If there is movement to talk to the Taliban in Afghanistan, then there should be some effort to talk to the fundamentalists in Somalia. If the Islamists were permitted to form a viable, functioning and effective government, this shattered land might be able to return to the community of nations — and supertankers will be able to deliver oil to the United States without fear of getting hijacked.
Um - does anyone else think this very well may be the looniest, the nuttiest, the most outrageously stupid idea to come down the pike from anyone in a while?
It fails on so many levels that the entire edifice of Burnett's logic is hanging in mid-air with only his warm exhalations under it to keep it aloft.
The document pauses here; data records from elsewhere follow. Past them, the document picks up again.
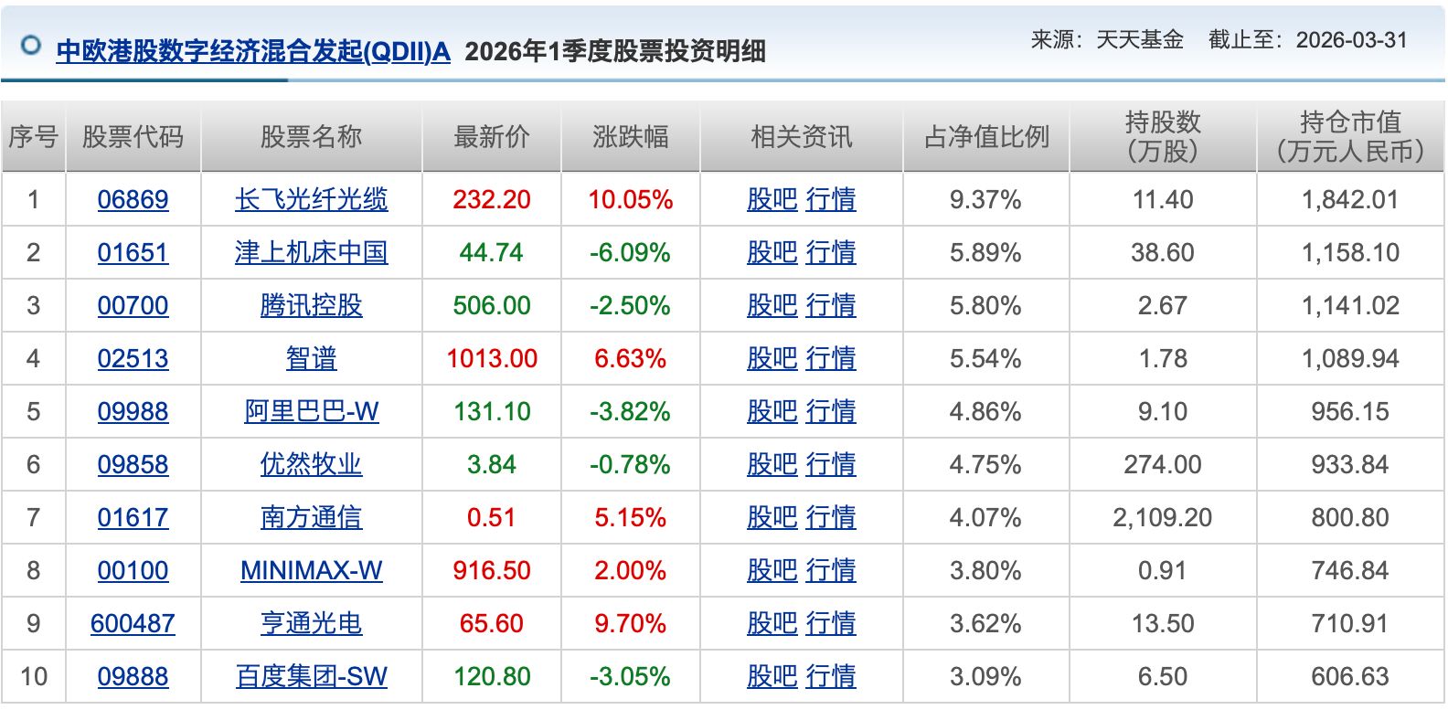 该产品今日公布的一季报显示,截至3月31日,长飞光纤光缆为其第一大重仓股,持仓占比达9.37%;此外,另一只大牛股——目前港股唯一的千元股智谱,为其第四大重仓股,持仓占比5.54%。此外,Minimax为其第八大重仓股,持仓占比3.8%。
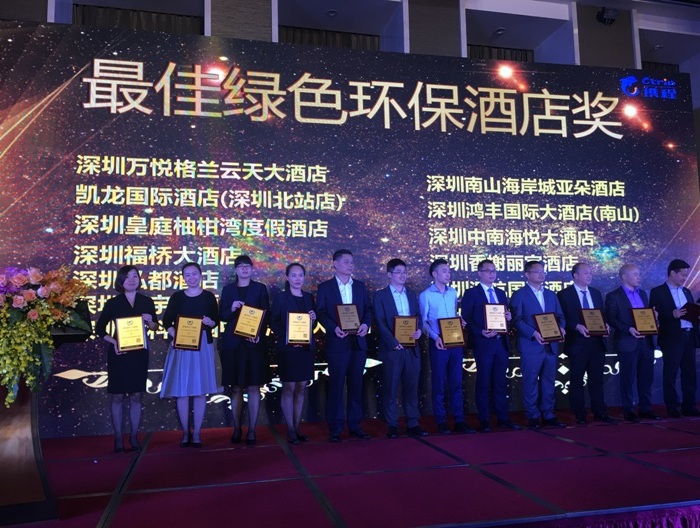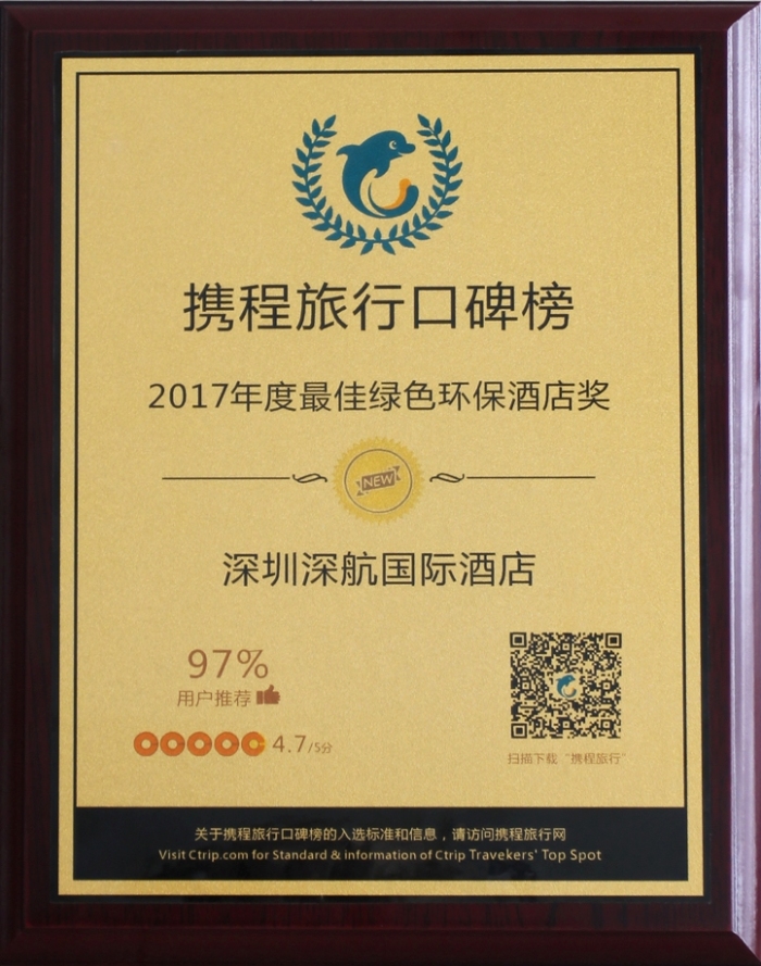 近日,在携程年度酒店颁奖典礼上,深圳深航国际酒店凭借优秀的酒店服务水平及多年来在绿色、节能管理方面取得的成就,喜获携程旅行口碑榜“2017年度最佳绿色环保酒店奖”。
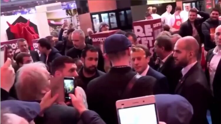 Яйце прилетіло президентові Франції просто на думку. Скріншот відео
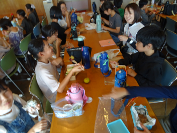 臨海学校最後のご飯を、みんなで思い出を振り返りながら食べました
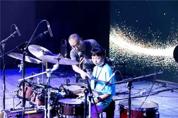 主舞台现场,在团体展演过来后,由讲演嘉宾——著名打击乐演奏家、鼓教师、NUX国际形象代言人张佳曦老师登台为大家带来了精彩的架子鼓show time!
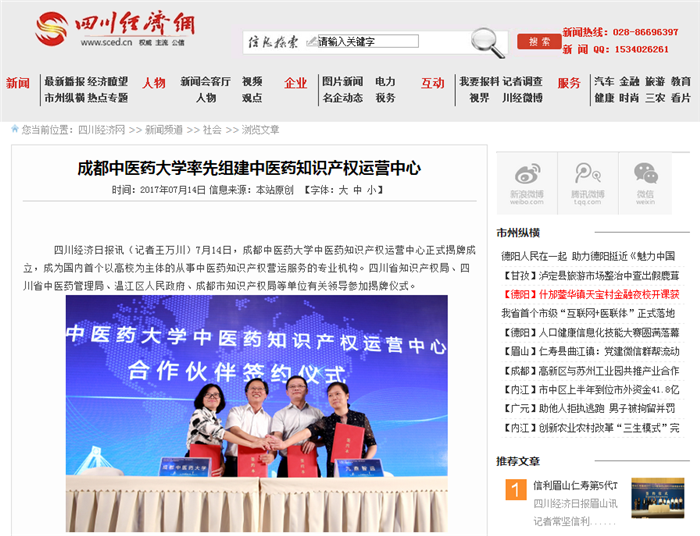 据介绍,中医药知识产权运营中心将成为四川省中医药产业发展的助推器,将为我省乃至全国中医药知识产权运营交易搭建平台,发挥促进中医药知识产权的转化转移和促进中医药产业的转型升级的关键作用,为高校知识产权运营贡献好的做法和经验,为我国中医药产业作出积极贡献。
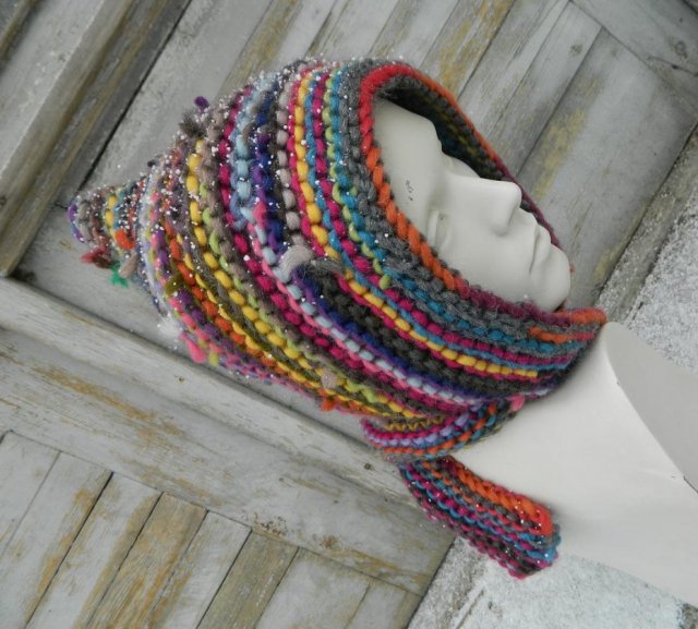 Czapa o wyjątkowo twarzowym fasonie, taki tybetański kapturek, lapoński elf - naprawdę świetna. Mega kolorowa, grubaśna, na zwariowaną głowę :). Wydziergałam ją ze świetnej gatunkowo setki wełny (wełna 100%). Supełki łączenia włóczek celowo widoczne na prawej stronie. Jest mięsista, ciepła i jak na wełnę setkę przyjemna w kontakcie ze skórą. Rozmiarowo najlepiej na głowę o obwodzie ok 55-57cm.
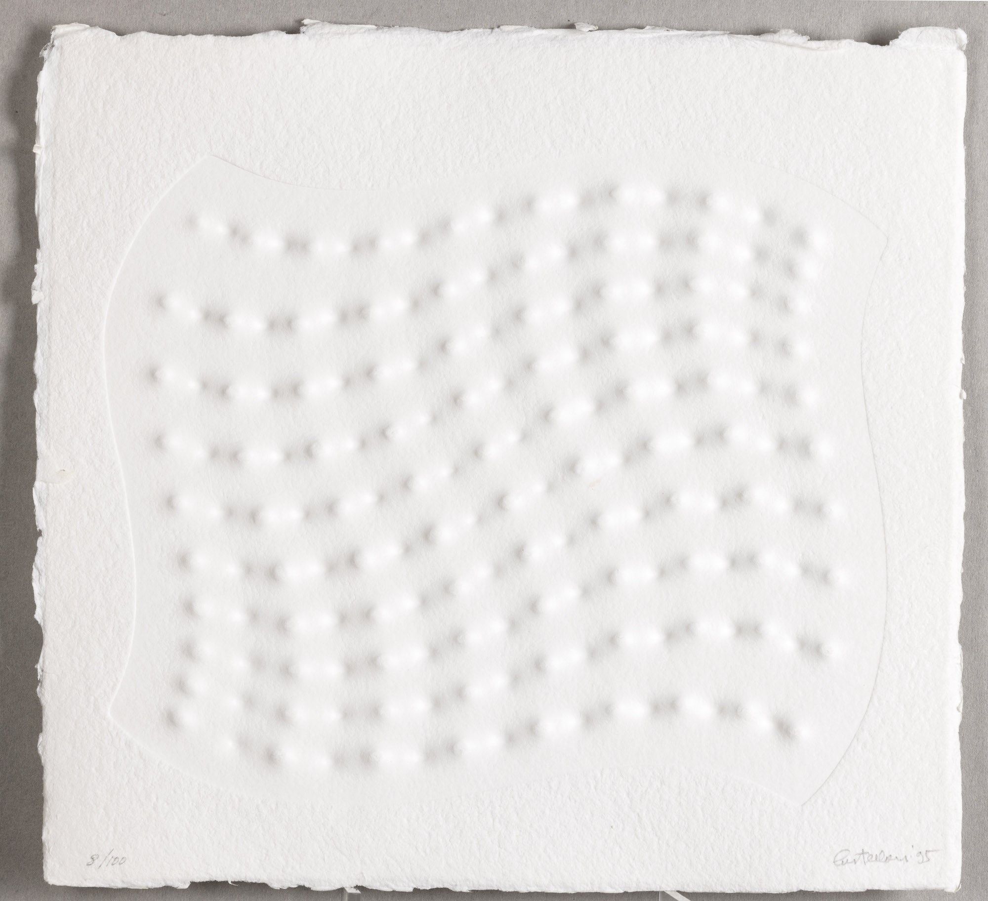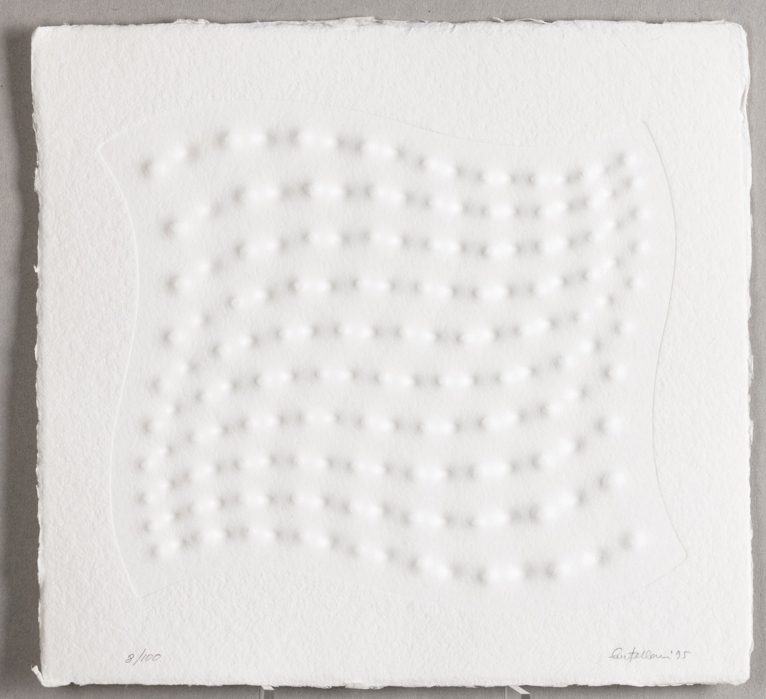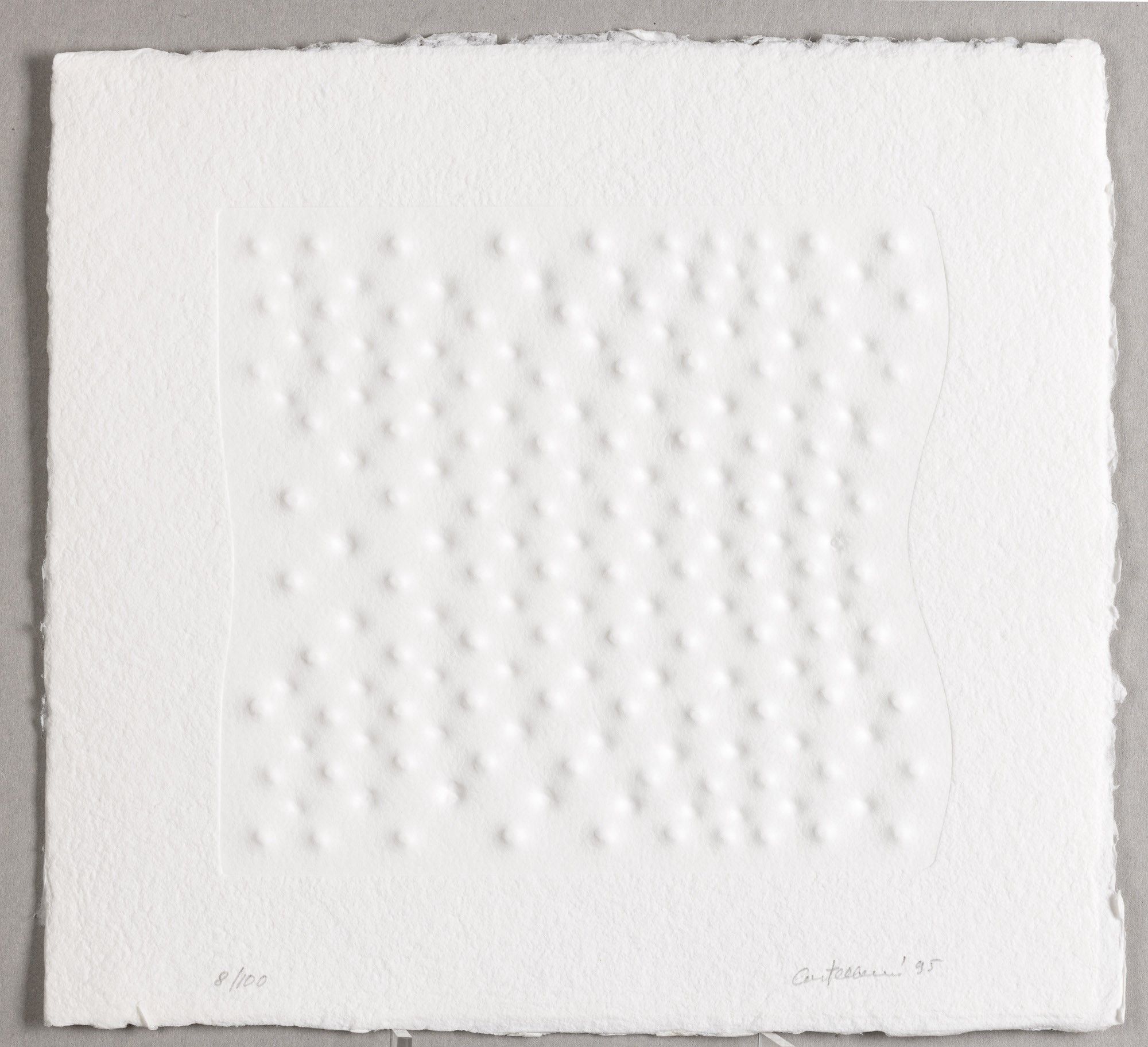 tre rilievi eseguiti con impressione a secco, Largh. 25 - Alt. 22 Cm 1995 ess. 8/100 su una tiratura complessiva di 100 esemplari in numeri arabi e 15 esemplari P.A. in numeri romani ciascun foglio è firmato in basso a destra e numerato in basso a sinistra Entro custodia originale in cartone contenente anche il volume
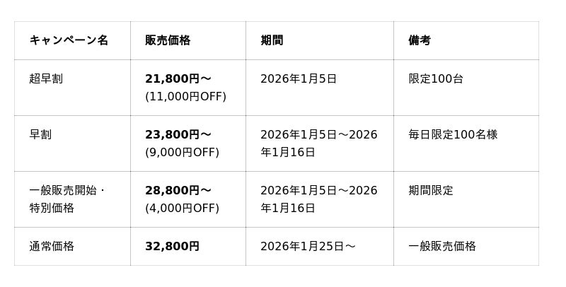 予約開始日から一般発売にかけて、段階的な割引キャンペーンを実施します。1月5日の「超早割」が最安値(21,800円)となります。
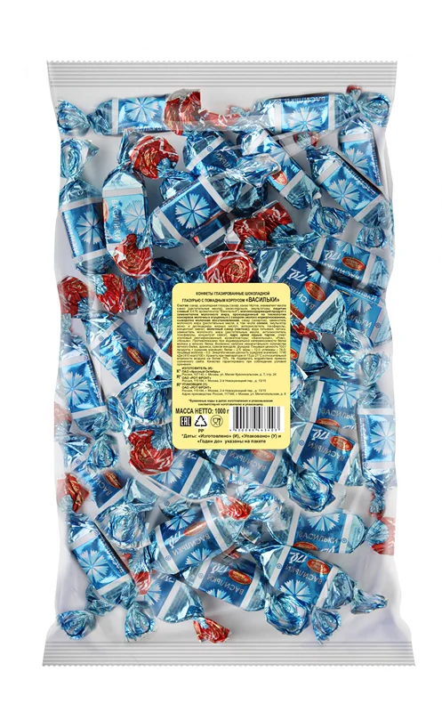 Конфеты Васильки в шоколадной глазури: воздушная тающая помадка со вкусом крем-брюле, обогащенная тертыми орешками кешью и коньяком. Мягкий бархатистый вкус с особой сладостью орехов кешью и легкие ромовые нотки, которые оттеняет вкус шоколада и яркая, знакомая с детства синева блестящих фантиков – вот такие у фабрики Рот Фронт Васильки.

Aside from giving al-Qaeda a ready made base in a tellingly strategic part of the world, what gives us the right to condemn the Somali people to the brutality inherent in an Islamist system of government? The idea that the Courts will only be "part" of the government will last only as long as the rest of the parties and ministers can avoid being beheaded for their apostasy in opposing the jihadists.
Talking to the Taliban in Pakistan is not our doing nor do we necessarily endorse it. Afghanistan is a sovereign country and the US view is that if President Karzai wants to talk with those trying to overthrow him, it is an internal Afghan matter.
But agitating for the placement of the allies of terrorists into a government we would recognize is beyond stupid, beyond, idiotic, and enters the sublime milieu of Chamberlain at Munich or FDR at Yalta. Suggesting that we hand our enemies an advantage when there are other alternatives (taking out pirate infrastructure could be done if the will is there) marks Burnett as a defeatist, an appeaser, and an ignoramus of the first order.